Exercise prompt.
The whole listing below should be printed again exactly, with no images.

Supplied information.

>>

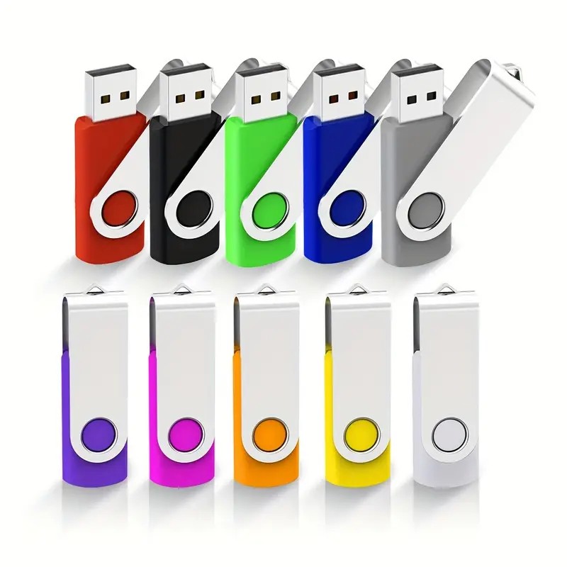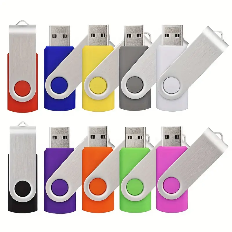 Swivel USB 2.0 Thumb Drive Set (10pcs) – Metal Cover, Multi-Color, 4GB-64GB for Data Transfer & Backup
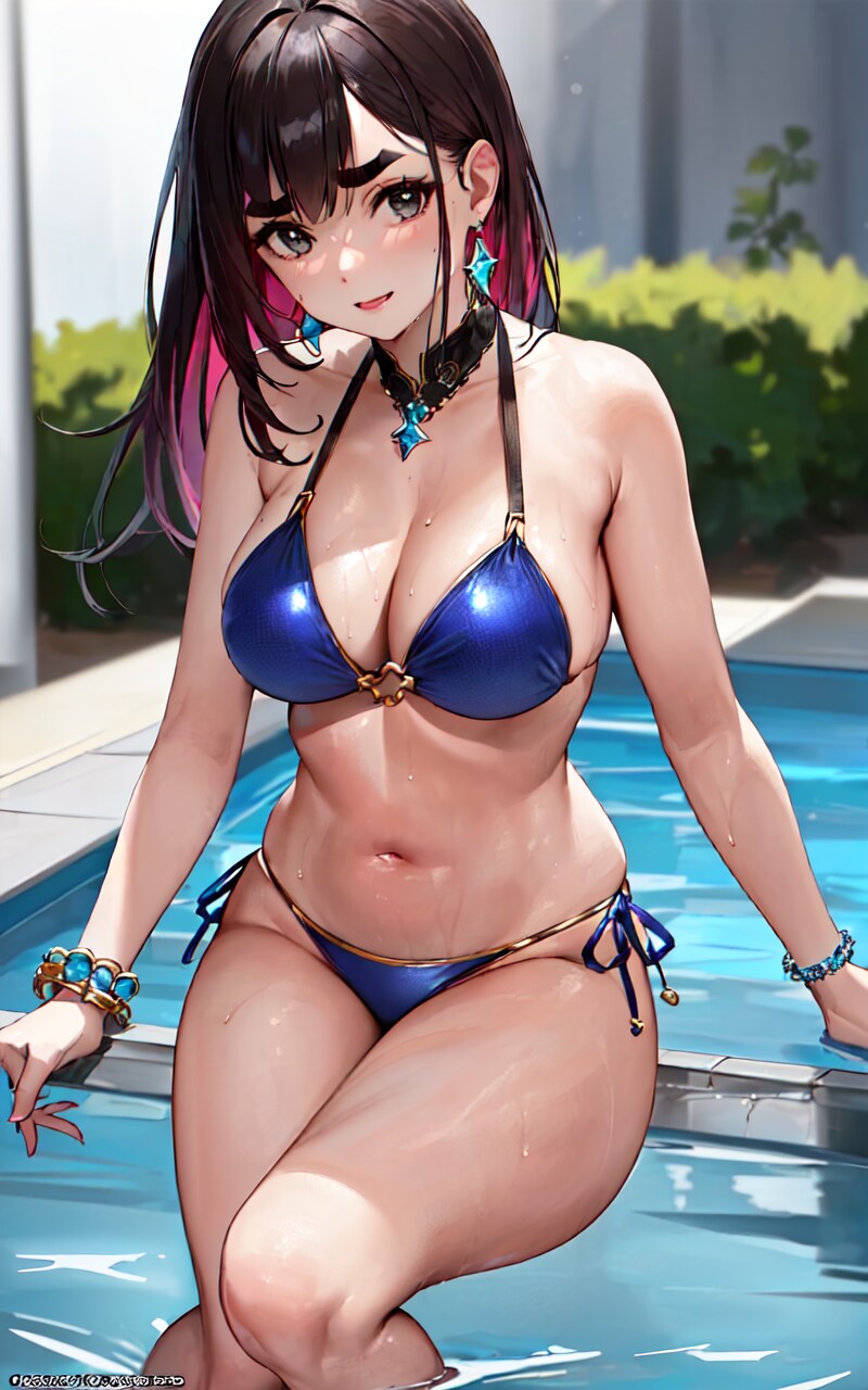 三枚目~四枚目は、上と同じプロンプトにちょっとだけ手を加えて、さらにギラギラさせたよ。まだ使いどころを研究中で、モデルによって使える場合と使えない場合がパキッと分かれるみたいだよ。
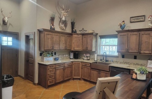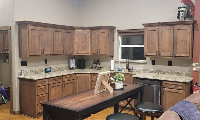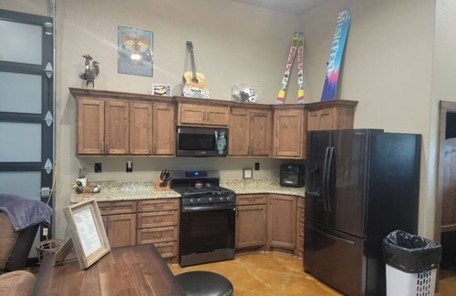 This rustic bardominium has 2 bedrooms and 2 bathrooms. It has an office with a daybed that pulls out into a king. There is ample onsite parking in addition to lake access via a private boat ramp. There is a full kitchen and laundry room. This barndo is unique in that it has unique features like a Texas shaped sink and memorabilia from our travels. There is a refreshing wrap around porch with chairs where you can enjoy your morning coffee. This property also has a garage door to the porch you can open on the cooler days.
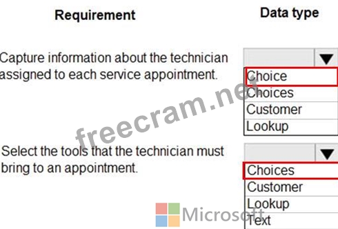 You are designing a Power Platform solution for a company that provides in-home appliance maintenance. When a customer schedules a service appointment, a dispatcher assigns one technician for a specific time and location.
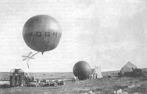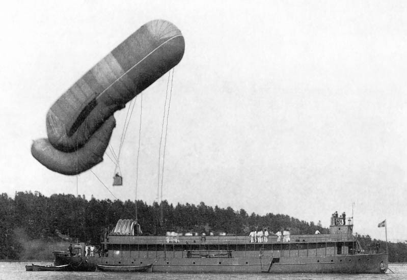 В России морской подъем воздушного шара состоялся с несамоходной шхуны " Самоед" 12 июля 1894 года. "Самоед" принимал участие в розыске пропавшего в Балтийском море броненосца "Русалка". Тогда найти броненосец так и не удалось, он был обнаружен в 2003 году..
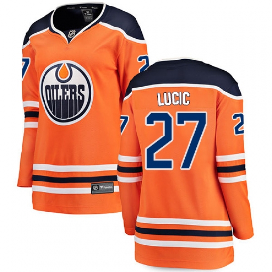 Home>NHL>Edmonton Oilers>Milan Lucic>Women's Edmonton Oilers #27 Milan Lucic Fanatics Branded Orange Home Breakaway NHL Jersey
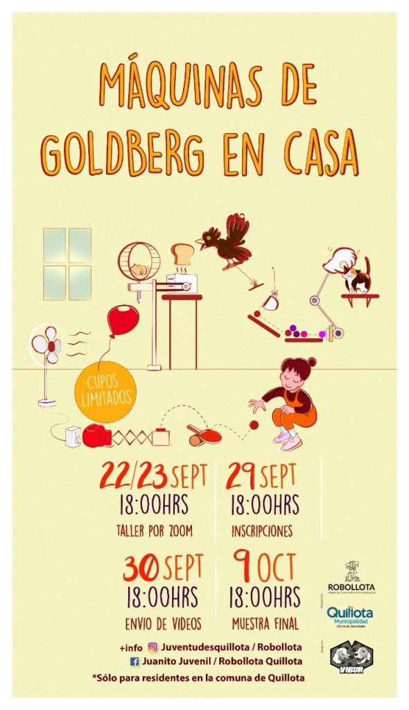 Aprovechando el confinamiento en casa que involucra la cuarentena por la pandemia de Covid-19, la Oficina de las Juventudes, dependiente de la Dirección de Desarrollo Comunitario (Dideco), de la Municipalidad de Quillota y el Club de Robótica Robollota están invitando a participar en un taller y posterior concurso de “Máquinas de Goldberg”, por equipos.
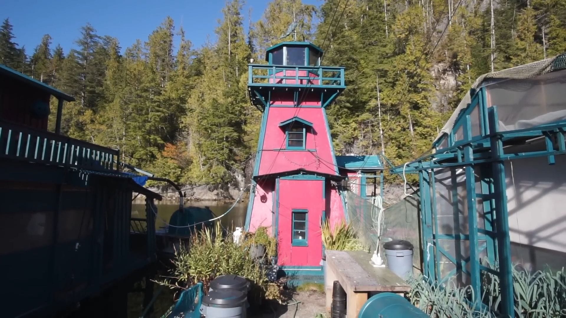 Two floating boat houses serve a practical purpose that’s essential on the rain-soaked west coast – eliminating the constant need to bail out boats while protecting the motors from harsh weather. The charming lighthouse building features an actual functioning light at the top and includes an extra shower for visiting family and friends.

<<

Task answer.
 Swivel USB 2.0 Thumb Drive Set (10pcs) – Metal Cover, Multi-Color, 4GB-64GB for Data Transfer & Backup
 三枚目~四枚目は、上と同じプロンプトにちょっとだけ手を加えて、さらにギラギラさせたよ。まだ使いどころを研究中で、モデルによって使える場合と使えない場合がパキッと分かれるみたいだよ。
 This rustic bardominium has 2 bedrooms and 2 bathrooms. It has an office with a daybed that pulls out into a king. There is ample onsite parking in addition to lake access via a private boat ramp. There is a full kitchen and laundry room. This barndo is unique in that it has unique features like a Texas shaped sink and memorabilia from our travels. There is a refreshing wrap around porch with chairs where you can enjoy your morning coffee. This property also has a garage door to the porch you can open on the cooler days.
 You are designing a Power Platform solution for a company that provides in-home appliance maintenance. When a customer schedules a service appointment, a dispatcher assigns one technician for a specific time and location.
 В России морской подъем воздушного шара состоялся с несамоходной шхуны " Самоед" 12 июля 1894 года. "Самоед" принимал участие в розыске пропавшего в Балтийском море броненосца "Русалка". Тогда найти броненосец так и не удалось, он был обнаружен в 2003 году..
 Home>NHL>Edmonton Oilers>Milan Lucic>Women's Edmonton Oilers #27 Milan Lucic Fanatics Branded Orange Home Breakaway NHL Jersey
 Aprovechando el confinamiento en casa que involucra la cuarentena por la pandemia de Covid-19, la Oficina de las Juventudes, dependiente de la Dirección de Desarrollo Comunitario (Dideco), de la Municipalidad de Quillota y el Club de Robótica Robollota están invitando a participar en un taller y posterior concurso de “Máquinas de Goldberg”, por equipos.
 Two floating boat houses serve a practical purpose that’s essential on the rain-soaked west coast – eliminating the constant need to bail out boats while protecting the motors from harsh weather. The charming lighthouse building features an actual functioning light at the top and includes an extra shower for visiting family and friends.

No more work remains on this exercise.